Time passed. No explosion came, no cataclysm such as I had been expecting at the beginning. Fires didn’t burn in the centre; the rebels’ means were limited. The assaults and killings continued; the police made their retaliatory raids; and something like a
balance was achieved. Two or three people were killed every night. But, strangely, it all began to seem far away. The very size and unregulated sprawl of the town muffled all but the most extraordinary events; people in the streets and squares no longer waited for news. News, in fact, was scarce. The President made no statement, and nothing was reported on the radio or in the newspapers from the capital.

In the centre of the town life went on as before. The businessman who came in from the capital by air or by the steamer and put up at the van der Weyden, and went to the better-known restaurants and nightclubs and asked no questions, would not have guessed that the town was in a state of insurrection, that the insurrection had its leaders and—though their names were known only in their own districts—its martyrs.

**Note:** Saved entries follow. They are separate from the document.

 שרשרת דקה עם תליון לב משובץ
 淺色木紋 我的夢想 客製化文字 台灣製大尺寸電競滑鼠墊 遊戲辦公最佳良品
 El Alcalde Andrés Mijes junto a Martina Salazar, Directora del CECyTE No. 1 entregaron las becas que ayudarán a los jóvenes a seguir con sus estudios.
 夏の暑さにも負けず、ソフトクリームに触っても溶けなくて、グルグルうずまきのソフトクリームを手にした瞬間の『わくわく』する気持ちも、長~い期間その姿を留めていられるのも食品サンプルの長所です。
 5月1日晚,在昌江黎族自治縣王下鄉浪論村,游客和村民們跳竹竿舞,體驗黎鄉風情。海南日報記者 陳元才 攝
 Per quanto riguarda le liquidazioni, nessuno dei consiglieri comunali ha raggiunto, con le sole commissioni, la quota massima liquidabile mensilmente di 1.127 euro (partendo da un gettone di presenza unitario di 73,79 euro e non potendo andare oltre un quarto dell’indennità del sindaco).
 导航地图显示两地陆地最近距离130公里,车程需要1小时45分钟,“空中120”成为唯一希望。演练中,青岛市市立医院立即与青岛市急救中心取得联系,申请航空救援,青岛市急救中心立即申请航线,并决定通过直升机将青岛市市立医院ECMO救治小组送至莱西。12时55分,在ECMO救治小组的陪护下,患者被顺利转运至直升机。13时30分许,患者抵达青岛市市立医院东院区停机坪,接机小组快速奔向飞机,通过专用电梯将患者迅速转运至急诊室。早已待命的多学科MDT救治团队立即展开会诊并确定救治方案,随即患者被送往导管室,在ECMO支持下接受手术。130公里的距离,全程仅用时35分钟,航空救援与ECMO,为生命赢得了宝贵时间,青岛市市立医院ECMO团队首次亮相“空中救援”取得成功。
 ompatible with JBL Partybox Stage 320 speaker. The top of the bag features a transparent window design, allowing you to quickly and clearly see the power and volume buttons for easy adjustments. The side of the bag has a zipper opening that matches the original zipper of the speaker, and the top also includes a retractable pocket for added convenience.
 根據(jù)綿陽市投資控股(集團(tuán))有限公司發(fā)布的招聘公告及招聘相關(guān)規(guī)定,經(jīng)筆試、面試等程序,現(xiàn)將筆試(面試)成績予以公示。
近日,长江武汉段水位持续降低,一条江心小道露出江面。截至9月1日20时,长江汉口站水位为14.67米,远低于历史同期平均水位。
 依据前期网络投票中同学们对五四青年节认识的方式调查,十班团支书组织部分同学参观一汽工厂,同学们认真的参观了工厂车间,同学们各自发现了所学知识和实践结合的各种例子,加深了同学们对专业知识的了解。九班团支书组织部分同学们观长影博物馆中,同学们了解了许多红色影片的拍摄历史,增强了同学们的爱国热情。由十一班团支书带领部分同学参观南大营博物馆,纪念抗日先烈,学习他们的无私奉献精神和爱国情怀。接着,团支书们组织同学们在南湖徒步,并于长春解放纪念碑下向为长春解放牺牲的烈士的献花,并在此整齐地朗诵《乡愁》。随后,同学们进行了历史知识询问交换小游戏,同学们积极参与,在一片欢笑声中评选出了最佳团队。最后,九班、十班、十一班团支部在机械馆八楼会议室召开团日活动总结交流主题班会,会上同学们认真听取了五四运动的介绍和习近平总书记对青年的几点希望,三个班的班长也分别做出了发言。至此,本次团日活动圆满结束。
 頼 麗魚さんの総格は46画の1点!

For some time Raymond had been like a stunned man. At some moment he seemed to have decided that he wasn’t going to be called back to the President’s favour, and he had stopped waiting, stopped reading the signs. At dinner in the house he no longer analyzed or explained events; he no longer tried to make the pieces fit together.

He didn’t talk about history or about Theodor Mommsen. I didn’t know what he was doing in his study, and Yvette couldn’t tell me; she wasn’t too interested. At one time I got the impression that he was reading old things he had written. He mentioned a diary he had kept when he had first come out to the country. He had forgotten so many things, he said; so many things were doomed to be forgotten. That used to be one of his dinner-table themes; he seemed to recognize that, and broke off. Later he said, “Strange, reading those diaries. In those days you used to scratch yourself to see whether you bled.”

The insurrection added to his confusion; and after the madonna statue in the Domain had been smashed he became very nervous. It wasn’t the President’s habit to appear to support those of his men who had been attacked; he tended to dismiss them. And Raymond now lived in fear of dismissal. This was what it had come down to for him—a job, a house, his livelihood,
simple security. He was a defeated man, and the house in the Domain was like a house of death.

The loss was mine as well. That house was important to me; and much, as I now saw, depended on the health and optimism of both the people who lived in it. A defeated Raymond made nonsense of my evenings there. Those evenings in the house were part of my relationship with Yvette; they couldn’t simply be transferred to another site. That would have meant a new geography, another kind of town, another kind of relationship, not the one I had.

My life with Yvette depended on the health and optimism of all three of us. I was astonished by this discovery. I had discovered it first about myself, when I was under pressure from the officials. I wanted to hide from her then. I felt I could go to her, and be with her in the way I wanted, only in strength, as I had always gone to her. I couldn’t present myself to her as a man tormented and weakened by other men. She had her own cause for restlessness; I knew that, and I couldn’t bear the idea of the lost coming together for comfort.